Артель бондарей, на обязанности которых лежала починка разбившихся ящиков, зашивка дыр в мешках и т п., часто не упускала случая сунуть за нагрудник своих белых передников горсть миндаля, или точенных из черного дерева четок, или пригоршню кофе. Таможенные или смотрели сквозь пальцы, или шептали: «Ребята, осторожнее»; выбрав момент, они сами брали что-нибудь для хозяйства.
Вероятно, поэтому я и не помню случая, чтобы таможенный у ворот при выходе грузчиков на обед или после конца задержал хоть одного похитителя с явно оттопыренными карманами или полами их «польт» (как иначе назвать верхнее тряпье босяков?). Грузчик, уличенный в краже, изгонялся Мисенко, и его больше на работу не брали, – по крайней мере, пока не забывалось это деяние.
Я любил пряный запах пакгауза, ощущение вокруг себя изобилия товаров, особенно лимонов и апельсинов. Всё пахло: ваниль, финики, кофе, чай, в соединении с морозным запахом морской воды, угля и нефти неописуемо хорошо было дышать здесь, особенно если грело солнце.

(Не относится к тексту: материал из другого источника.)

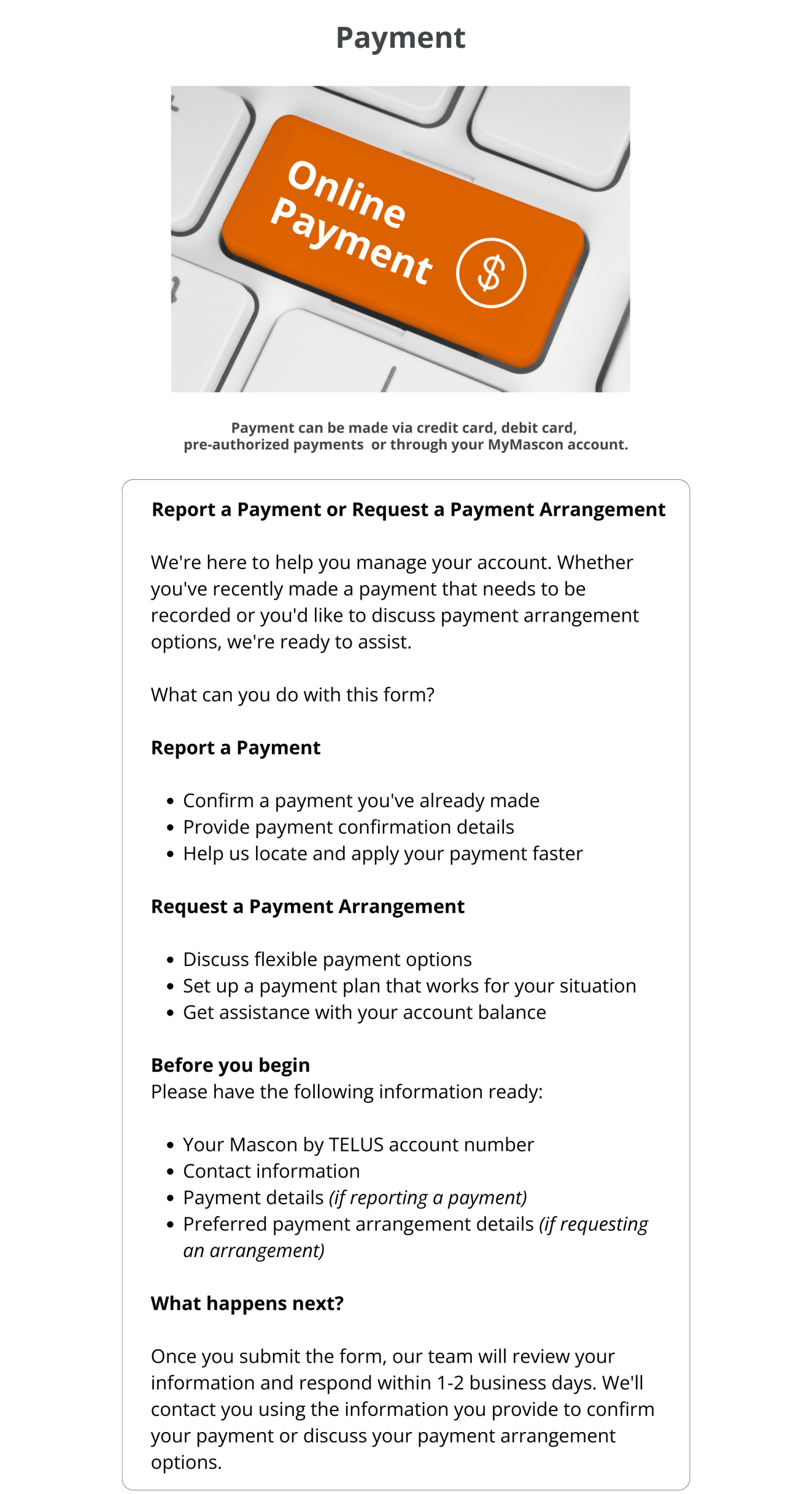 Payment Form Need immediate assistance? Contact our customer support team at 1-866-832-6020. Available Monday to Friday 8 AM – 5 PM PST

Я иногда ходил обедать домой, тратя из полуторачасового отдыха почти час на ходьбу и еду (хлеб, сало или колбаса с вареной картошкой… м-м-м… ну, апельсины, случалось), а большей частью проводил это время в бордингаузе или в здании таможни. Чай я тогда пил мало, и крайне редко – водку. К вечеру, совсем закоченев (зима стояла холодная), я становился в ряд с грузчиками, а Мисенко, проходя наш строй, вручал из мешка – рубль и гривенник.
Ранней весной мне удалось совершить рейс в Александрию на пароходе Р.О.П. и Т. матросом, но по недостатку времени я должен отложить эту в своем роде интересную историю до печатания всей книги. Скажу лишь, что уволили меня за сопротивление учебной шлюпочной гребле; этому бессмысленному занятию предал нас капитан «Цесаревича», пленившийся артистической работой веслами английских моряков.
Дело произошло в Смирне, на обратном из Александрии пути. В наказание (а я публично высмеивал потуги капитана и однажды бросил даже весла) меня сняли с работы, и я окончил путь пассажиром, ничего не делая. На мне осталась хорошая одежда, полный комплект тельников, голландок, две «фланельки», двое брюк – белые и черные. Некоторое время я жил продажей этих вещей, потом работал на погрузке угля, часто, не имея пристанища, ночевал в порту. Всё было уже продано мной – даже моя корзинка, даже краски, которыми хотел я рисовать на берегах Ганга цветы джунглей. Я сохранил лишь на своем теле голландку с синим воротником, тельник, черные брюки и фуражку с лентой, имевшей надпись золотыми Сукнами «Цесаревич».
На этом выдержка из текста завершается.